La discusión sobre la apertura y la adopción de una mejor estrategia de desarrollo tiende a atorarse en dos planos. Por un lado se encuentran quienes ignoran o pretenden que es posible ignorar los cambios que ha experimentado el mundo en las últimas décadas. Una estrategia de crecimiento fundamentada en mercados cerrados y protegidos era posible porque la producción de la abrumadora mayoría de los bienes en el mundo se concentraba en fábricas que recibían materias primas por un lado y entregaban bienes terminados (coches, radios, productos químicos) del otro. En un entorno de esa naturaleza era posible forzar a los productores, tanto nacionales como extranjeros, a fabricar un bien completo en el país. Así surgió, por ejemplo, la industria ensambladora automotriz. Ese mismo ambiente propiciaba cercanía entre empresarios, líderes sindicales y políticos, donde el interés de todos residía en preservar y compartir privilegios.

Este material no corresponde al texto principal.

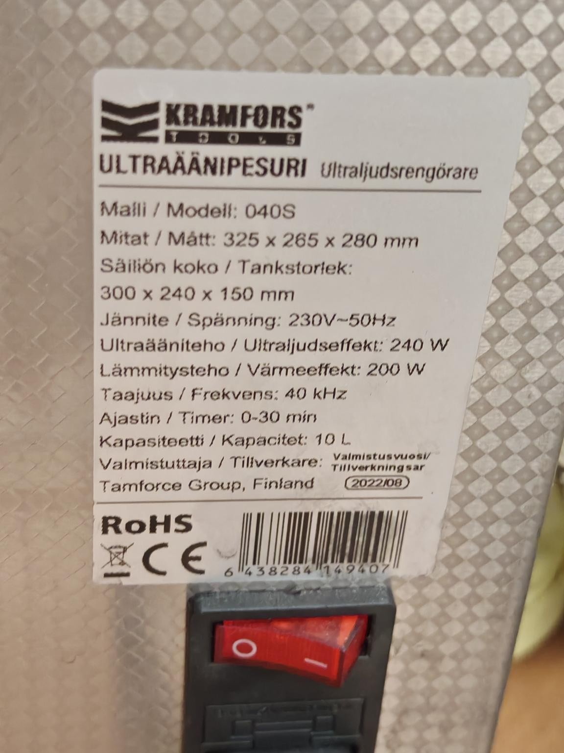 Myyntikohteet » Vetubi Oy:n konkurssipesä, TAMPERE (3419244-2), 12.04.2026 » 04. Ultraäänipesuri Kramfors UÄ-100
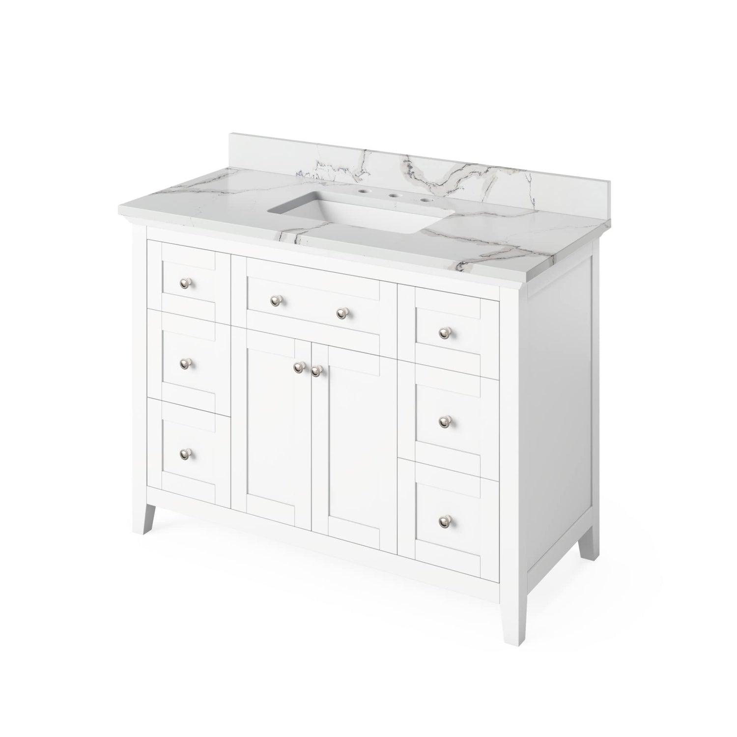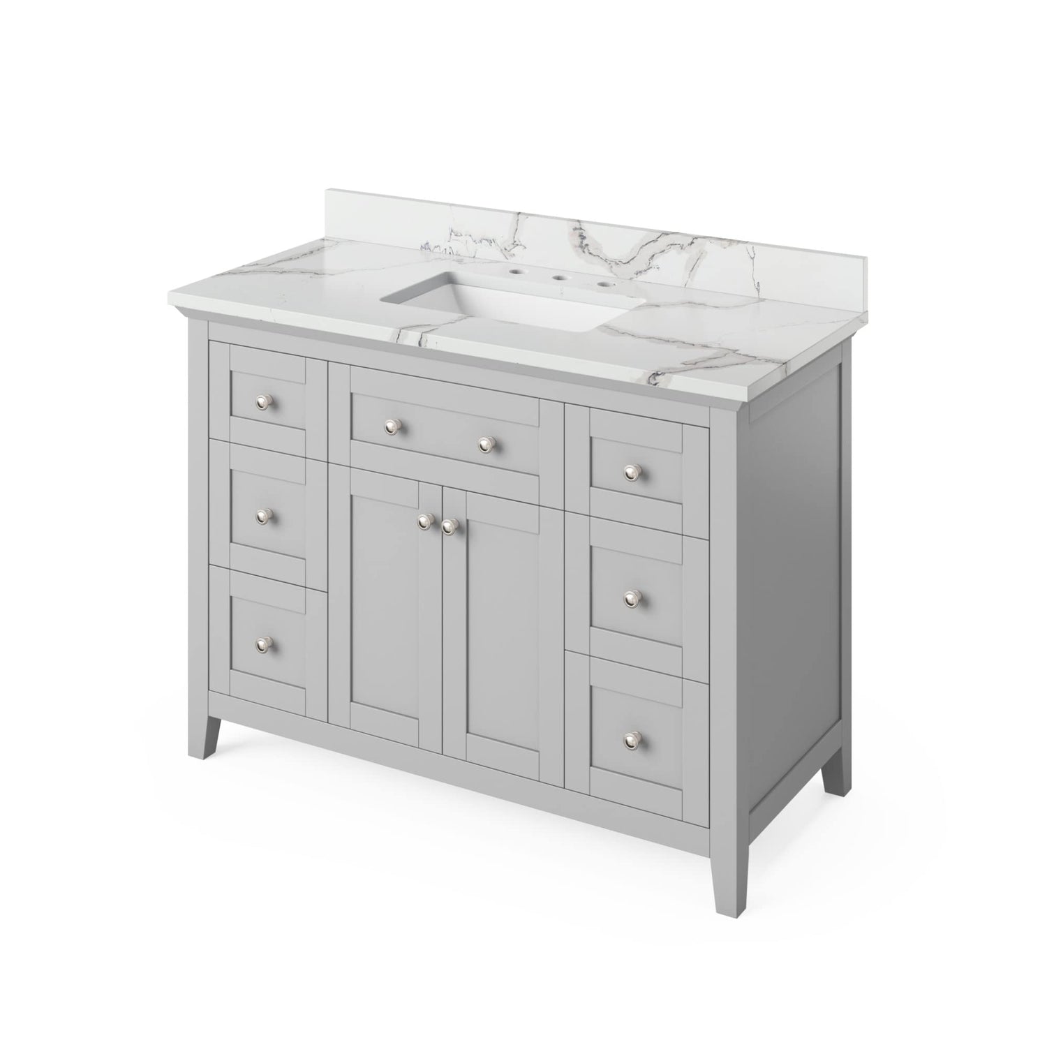 Jeffrey Alexander VKITCHA48WHSGR 48" White Chatham Vanity, Steel Grey Cultured Marble Vanity Top, undermount rectangle bowl
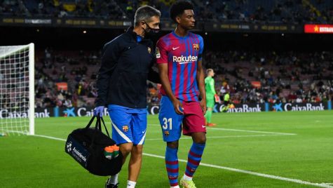 Alejandro Balde has suffered an injury during the match against Real Madrid Castilla. The defender received a tough tackle from Sergio Santos and was barely able to stay on his feet before asking to be replaced.
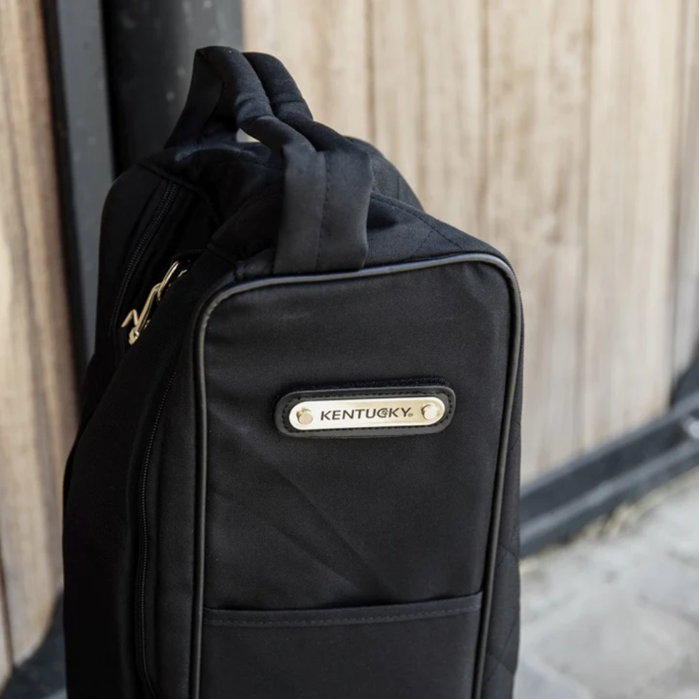 The Kentucky Horsewear Boots Bag offers protection to your boots during transportation, at shows or at home. The Boots Bag has artificial rabbit skin on the inside to avoid scratches on the leather. The name tag on the front can be turned over and personalized. The Boots Bag can be easily carried thanks to the handle on the top or to the long nylon strap, which can be adjusted in length. The Boots Bag has the same diamond quilting and artificial leather piping as our Bridle Bag, stable set (curtain, guard, head protector) and our rugs! Therefore, this Boots Bag tops of the Kentucky show look. The Boots Bag is machine washable at 30°, no dryer.
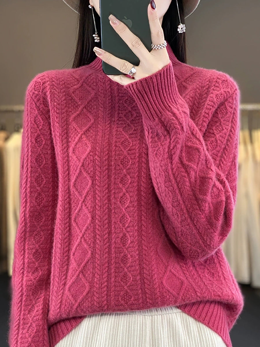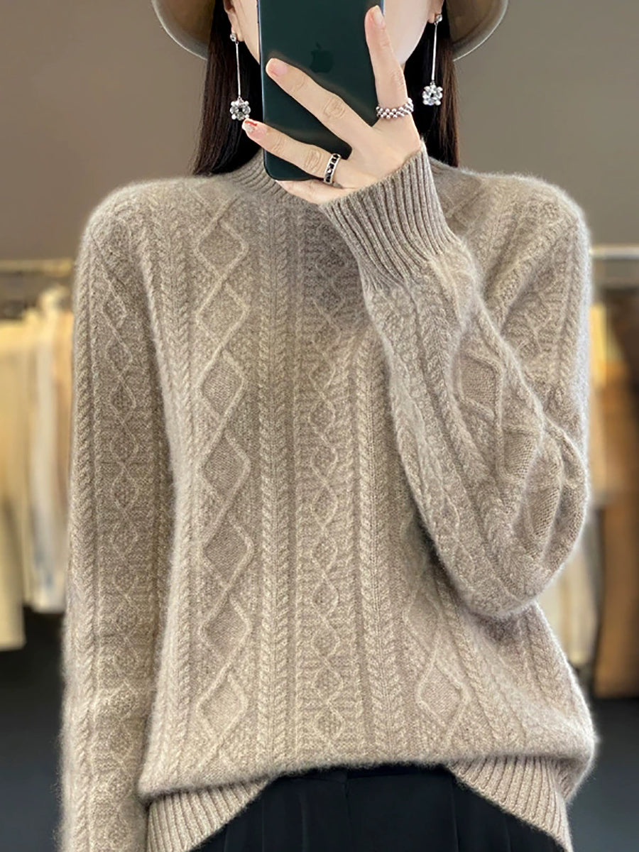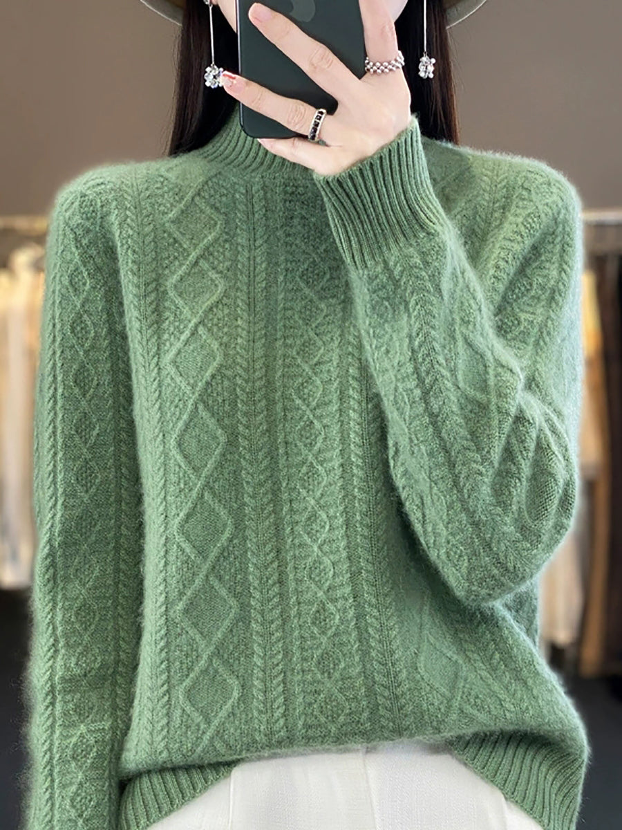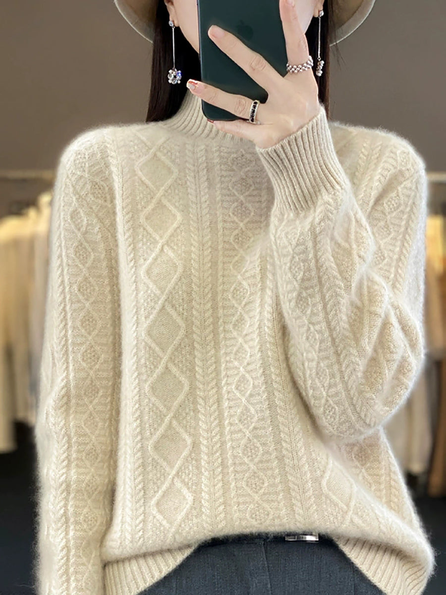Suéter feminino de gola alta em lã jacquard com estampa artística para o outono.

El problema para los nostálgicos es que ese mundo cambió cuando los japoneses, necesitados de elevar sus niveles de productividad para compensar el ascenso en el precio del petróleo al inicio de los setenta, transformaron la manera de producir. En lugar de fabricar automóviles en una sola planta, especializaron sus fábricas en motores, cajas de velocidades, etcétera, a fin de elevar la productividad de una manera dramática y, con ello, la calidad de sus productos. Así nació una nueva estructura productiva fundamentada en proveedores de partes y componentes cuya localización geográfica estaría determinada no por la nacionalidad del propietario sino por la cercanía a las materias primas o mercados finales. Imposible competir contra eso desde las fábricas que existían en los sesenta en México. La única forma de sobrevivir en este mundo es competir con similares niveles de productividad. Los empresarios mexicanos que pretenden sobrevivir con favores gubernamentales no entienden que el gobierno los puede proteger pero sólo a costa de la sobrevivencia de la economía en su conjunto.
El otro lugar en que se atoran las discusiones sobre la apertura y el papel del gobierno en el desarrollo es en el de los cotos de caza y los privilegios que persisten y por los que más de un candidato presidencial jura. Otra vez la estudiosa McCloskey**: “en el largo plazo, la aceptación de la destrucción creativa disminuyó la pobreza. De hecho, ha sido la única forma efectiva de lograrlo. En sentido contrario a sus dulces (y auto complacientes) motivaciones, las regulaciones laborales y salariales, así como la protección arancelaria y otras legislaciones progresistas no hacen sino preservar la pobreza”. Un gobierno supuestamente dedicado al desarrollo general del país y preocupado por los niveles de pobreza no puede (al menos, no debe) dedicarse a proteger empresas particulares o a subsidiarlas, como tampoco debería preservar monopolios privados o estatales. La contradicción es flagrante, pero su persistencia conduce a la deslegitimación de una política económica centrada en el beneficio al consumidor y no del productor.
La prosperidad de un país sólo se logra cuando se le da la bienvenida a empresarios e inversionistas con reglas del juego que son iguales para todos, donde no se hacen distingos ni se preservan privilegios. Es decir, una estrategia pro mercado y no pro empresa. No es lo mismo ni es igual.